Spark: Support read with settings

ClickHouse / spark-clickhouse-connector

Spark ClickHouse Connector build on DataSourceV2 API

https://clickhouse.com/docs/en/integrations/apache-spark

Apache License 2.0

187 stars 66 forks source link

Spark: Support read with settings #367

Open harryshi10 opened 2 weeks ago

harryshi10 commented 2 weeks ago

Summary

allow read with settings.

close #272

CLAassistant commented 2 weeks ago

Thank you for your submission! We really appreciate it. Like many open source projects, we ask that you sign our Contributor License Agreement before we can accept your contribution.
_{You have signed the CLA already but the status is still pending? Let us recheck it.}

mzitnik commented 1 week ago

@pan3793, do you think we also need to provide write.settings?

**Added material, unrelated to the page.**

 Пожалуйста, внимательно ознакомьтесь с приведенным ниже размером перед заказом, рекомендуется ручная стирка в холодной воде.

pan3793 commented 1 week ago

code change lgtm, would be great if you could provide a test case

pan3793 commented 1 week ago

@pan3793, do you think we also need to provide write.settings?

yes, it could be implemented in another PR.

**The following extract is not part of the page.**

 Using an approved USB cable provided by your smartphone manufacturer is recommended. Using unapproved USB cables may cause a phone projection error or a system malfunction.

Additionally, SPARK-36680 (Spark 4.0) provides a more intuitive SQL syntax for this case

SELECT * FROM $t1 WITH (split-size = 5)

harryshi10 commented 1 week ago

sorry I'm still a rookie at Scala. but I will try to write a UT for this new feature

mzitnik commented 1 week ago

@harryshi10 could please sign CLA

harryshi10 commented 6 days ago

@harryshi10 could please sign CLA

done

harryshi10 commented 4 hours ago

code change lgtm, would be great if you could provide a test case

Sorry, I can’t provide a unit test, but here’s a test case I ran locally with PySpark.

env - ClickHouse = 24.10.2.80, Spark = 3.5.0

A SummingMergeTree with two records sharing the same key shows duplicates when queried without FINAL, but returns aggregated results when queried with FINAL.

In Spark, setting final=0 or final=1 in spark.clickhouse.read.settings controls whether the results are aggregated or not, with final=0 showing non-aggregated results and final=1 providing aggregated results.

I also tested that adding final=0 or 1 in spark.clickhouse.read.settings has no side effect on other engines, such as MergeTree.